15 janvier 2010

Haïti : Hauke Hoops, coordinateur des urgences de CARE, arrivé à Port-au-Prince. Il témoigne.

© Reuters/Reuters TV

15/01/10 – 9h00 (heure de Port-au-Prince)

C'est l'une des plus grandes catastrophes que j'ai jamais vues, et un défi logistique énorme. Tout doit arriver par avion ou par bateau, mais le port est détruit. L'aéroport est débordé, surpeuplé de vols.

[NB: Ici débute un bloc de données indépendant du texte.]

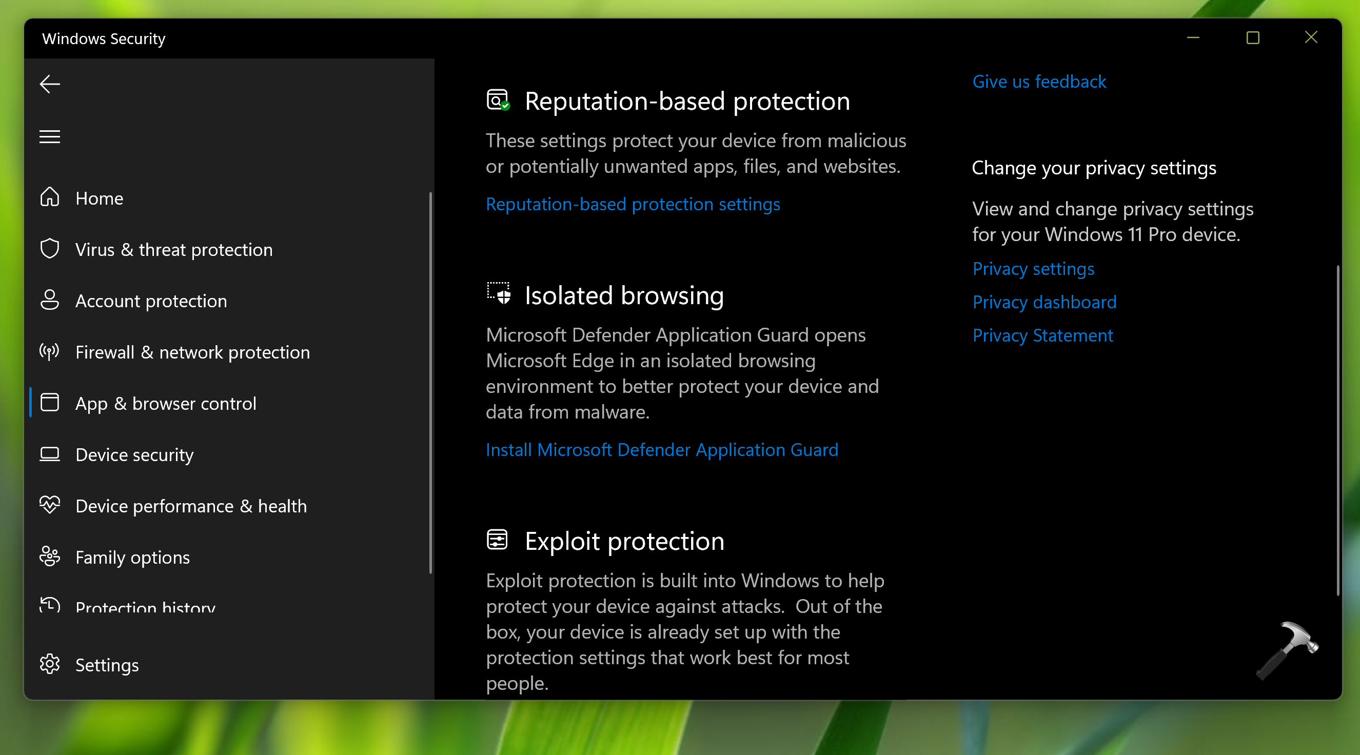 U kunt Windows-beveiliging ook gebruiken om Microsoft Defender Application Guard in te schakelen of te installeren.

La sécurité est une préoccupation majeure. La prison s'est effondrée, et il ya 5 000 détenus en cavale. Il règne un climat de peur générale. La tension monte. Nous avons besoin de procéder aux distributions aussi rapidement que possible, mais la sécurité rend la distribution difficile. Les gens ont été privés de nourriture pendant deux jours, et ils commencent à être désespérés. Dans une telle situation, les gens feraient n'importe quoi pour obtenir de la nourriture et de l'eau pour leurs familles.

CARE a 133 personnes qui travaillent déjà en Haïti, mais notre personnel à Port-au-Prince a tout perdu - leurs maisons, leurs familles, tout. Ils sont totalement traumatisés. Ils essaient d'aider, mais nous devons faire appel à du personnel supplémentaire à travers tout le pays et aux équipes internationales. Nous avons déjà fait face à pareille situation auparavant. Lorsque les équipes ont perdu des membres de sa famille, ils tentent de contrôler leurs propres émotions, prendre soin de leur famille, et dans le même temps, répondre à une catastrophe de grande ampleur. Vous pouvez imaginer à quel point c'est difficile, si vous avez perdu vos enfants, mais il y a tellement de travail à faire et chacun a besoin d'aide. C'est un cauchemar.

Beaucoup de gens sont à pied d’œuvre, tirant les personnes des décombres à mains nues ou avec des pelles. Mais ce n'est pas suffisant. Il y a des corps dans la rue, des cadavres partout. Les gens se promènent parmi les corps, comme si ils dormaient. C'est effrayant. Il y a des cadavres alignés en rangs. Notre priorité est maintenant de s’occuper des corps. Nous craignons une épidémie de maladies en raison des blessures ouvertes, et aussi au manque d'assainissement. Il y a des ordures partout.

Les gens ont besoin d'eau potable. Le système d'eau n'a pas été complètement détruit. Les tuyaux ont été cassés dans le séisme, mais il  y a un peu d'eau qui en sorte. Les gens font la queue dans les zones où l'eau s'échappe. Il y a un donc un certain accès mais ce n'est pas de l'eau potable, les canalisations ayant été contaminées. CARE dispose d’une cargaison de tablettes de purification de l'eau qui est arrivée la nuit dernière, et nous devons les distribuer au plus vite. De toutes les façons, il nous faudra un stock bien plus conséquent.

L’électricité est encore produite, mais ils ne peuvent pas la relancer car les lignes électriques sont en panne. Il y a des fils électriques partout dans les rues, et les gens marchant dessus. Et s’ils relancent l’électricité, les gens risqueraient de se blesser ou de s’électrocuter.

Il y a également un problème d'accès. Nous ne pouvons pas atteindre toutes les zones par la route. Il est difficile d'obtenir des camions, ils n’ont pas de carburant parce que les stations d'essence sont vides. En réalité, n'y a rien de disponible ici.

Un nombre incalculable de personnes sont dans le besoin, mais ma crainte est de savoir comment nous allons pouvoir tous les aider. Nous devons agir vite, nous organiser avec les autres organisations humanitaires et le gouvernement. Les gens sont désespérés : ils réclament de l’aide, de la nourriture et de l'eau.